▶ [Exercise brief]
Starting at the line below holding "Gebruik de zoekbalk" and stopping at the line holding "共栄木材が焼杉の工業生産を開", print every line exactly, both ends included, and leave the rest out.

▶ [Listed records]
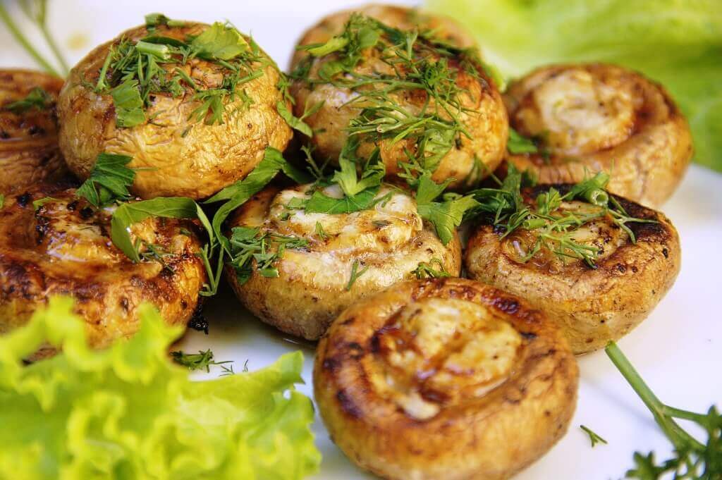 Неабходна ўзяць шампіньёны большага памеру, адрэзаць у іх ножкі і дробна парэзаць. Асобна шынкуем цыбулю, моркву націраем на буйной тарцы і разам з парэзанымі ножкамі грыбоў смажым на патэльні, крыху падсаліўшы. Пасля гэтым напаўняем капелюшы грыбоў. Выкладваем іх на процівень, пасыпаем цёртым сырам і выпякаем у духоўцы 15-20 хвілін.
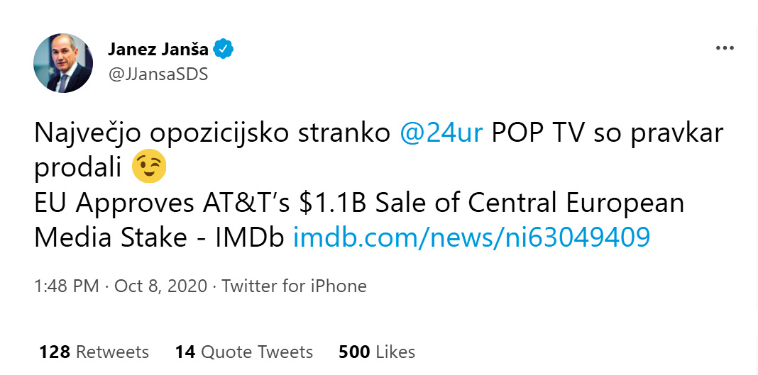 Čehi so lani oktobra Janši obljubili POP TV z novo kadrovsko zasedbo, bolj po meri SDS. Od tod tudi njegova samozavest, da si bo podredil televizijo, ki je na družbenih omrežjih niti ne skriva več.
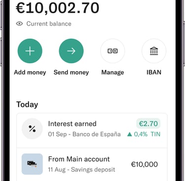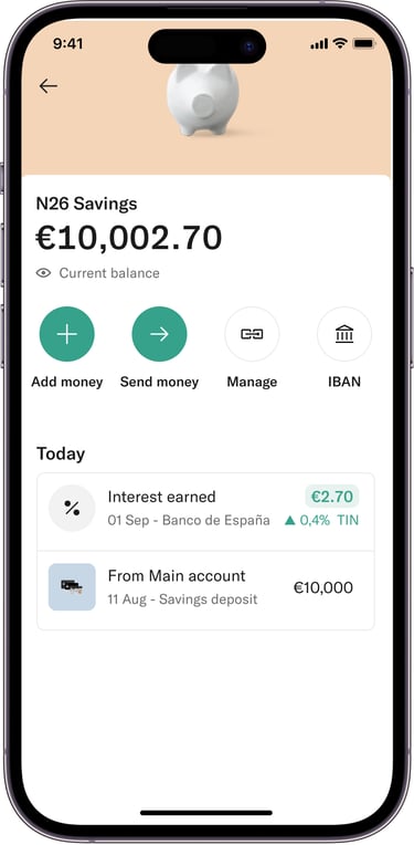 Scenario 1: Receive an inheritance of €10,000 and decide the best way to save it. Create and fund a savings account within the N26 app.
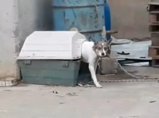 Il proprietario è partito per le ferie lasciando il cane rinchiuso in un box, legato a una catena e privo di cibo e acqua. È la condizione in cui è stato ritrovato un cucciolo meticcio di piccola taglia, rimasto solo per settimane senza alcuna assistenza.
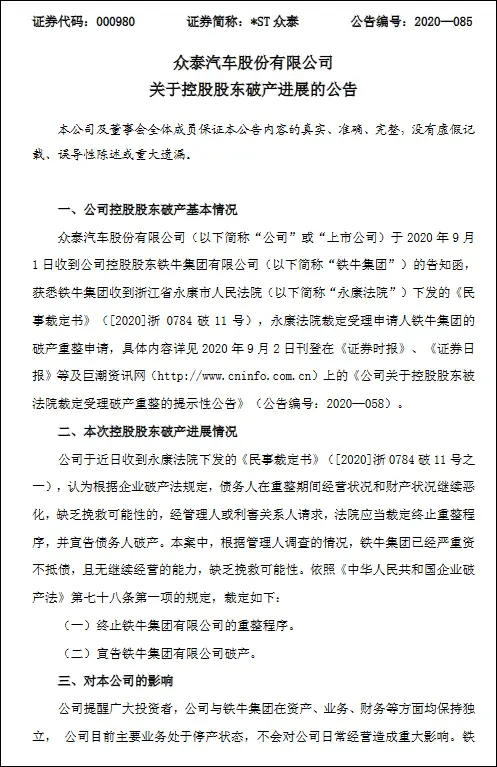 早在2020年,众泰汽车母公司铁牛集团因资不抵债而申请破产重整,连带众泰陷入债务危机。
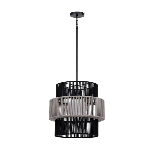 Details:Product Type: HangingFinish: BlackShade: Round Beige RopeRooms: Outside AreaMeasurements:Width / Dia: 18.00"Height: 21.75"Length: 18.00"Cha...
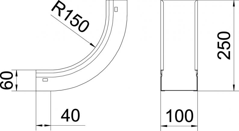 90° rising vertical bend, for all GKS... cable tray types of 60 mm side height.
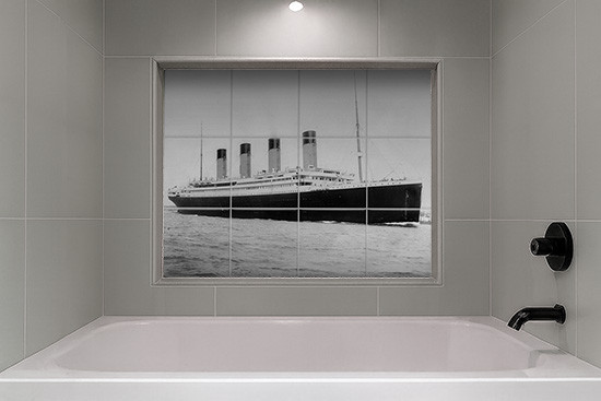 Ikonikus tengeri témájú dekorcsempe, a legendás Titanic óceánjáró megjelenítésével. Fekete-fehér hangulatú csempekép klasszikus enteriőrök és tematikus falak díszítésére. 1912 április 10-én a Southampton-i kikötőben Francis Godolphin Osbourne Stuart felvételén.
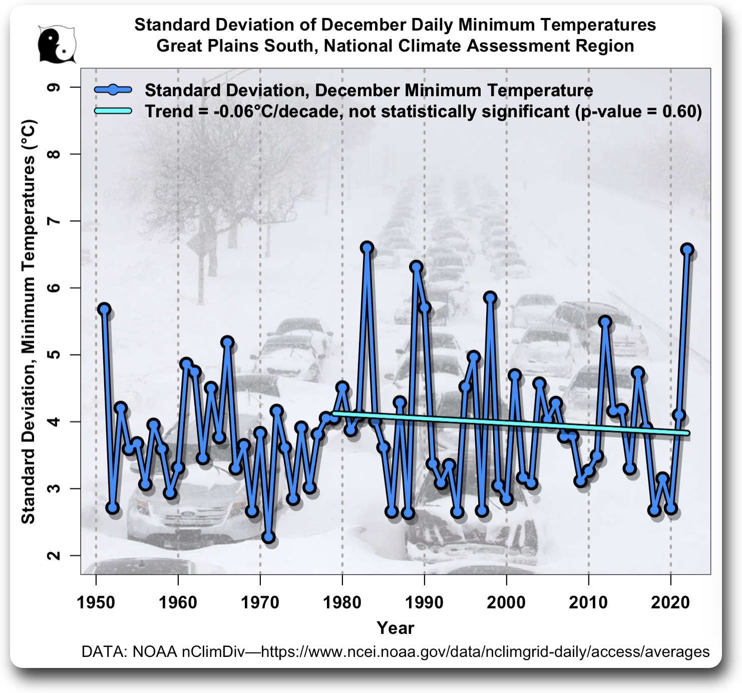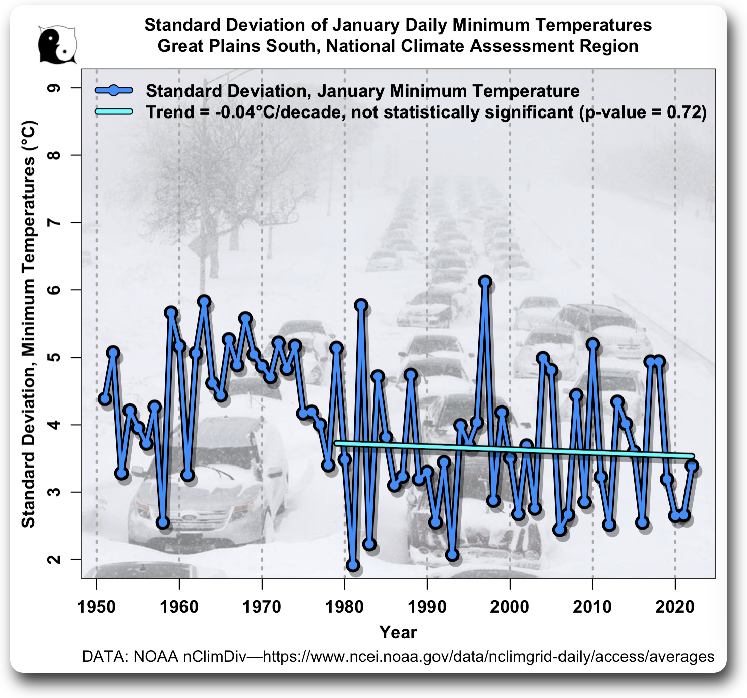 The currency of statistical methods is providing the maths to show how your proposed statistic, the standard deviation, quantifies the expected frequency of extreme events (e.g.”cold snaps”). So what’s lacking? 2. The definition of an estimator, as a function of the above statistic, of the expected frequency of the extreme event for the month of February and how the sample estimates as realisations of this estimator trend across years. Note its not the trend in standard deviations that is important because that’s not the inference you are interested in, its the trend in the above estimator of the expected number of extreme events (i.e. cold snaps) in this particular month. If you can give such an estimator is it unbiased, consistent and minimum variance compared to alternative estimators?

--

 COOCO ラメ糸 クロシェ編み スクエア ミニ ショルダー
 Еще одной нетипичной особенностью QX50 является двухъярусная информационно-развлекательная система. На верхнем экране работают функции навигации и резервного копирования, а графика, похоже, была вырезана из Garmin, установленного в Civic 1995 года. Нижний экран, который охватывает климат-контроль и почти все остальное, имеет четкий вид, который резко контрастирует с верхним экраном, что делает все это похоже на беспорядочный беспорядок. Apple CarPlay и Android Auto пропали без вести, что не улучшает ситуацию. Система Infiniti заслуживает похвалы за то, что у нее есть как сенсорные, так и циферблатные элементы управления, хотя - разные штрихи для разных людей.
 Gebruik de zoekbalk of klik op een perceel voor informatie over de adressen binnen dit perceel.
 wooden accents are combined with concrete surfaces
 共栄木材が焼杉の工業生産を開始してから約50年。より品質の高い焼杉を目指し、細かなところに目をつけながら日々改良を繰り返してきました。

...

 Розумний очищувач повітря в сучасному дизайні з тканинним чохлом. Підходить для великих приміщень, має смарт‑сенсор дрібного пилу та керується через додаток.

▶ [Answer to the exercise]
 Gebruik de zoekbalk of klik op een perceel voor informatie over de adressen binnen dit perceel.
 wooden accents are combined with concrete surfaces
 共栄木材が焼杉の工業生産を開始してから約50年。より品質の高い焼杉を目指し、細かなところに目をつけながら日々改良を繰り返してきました。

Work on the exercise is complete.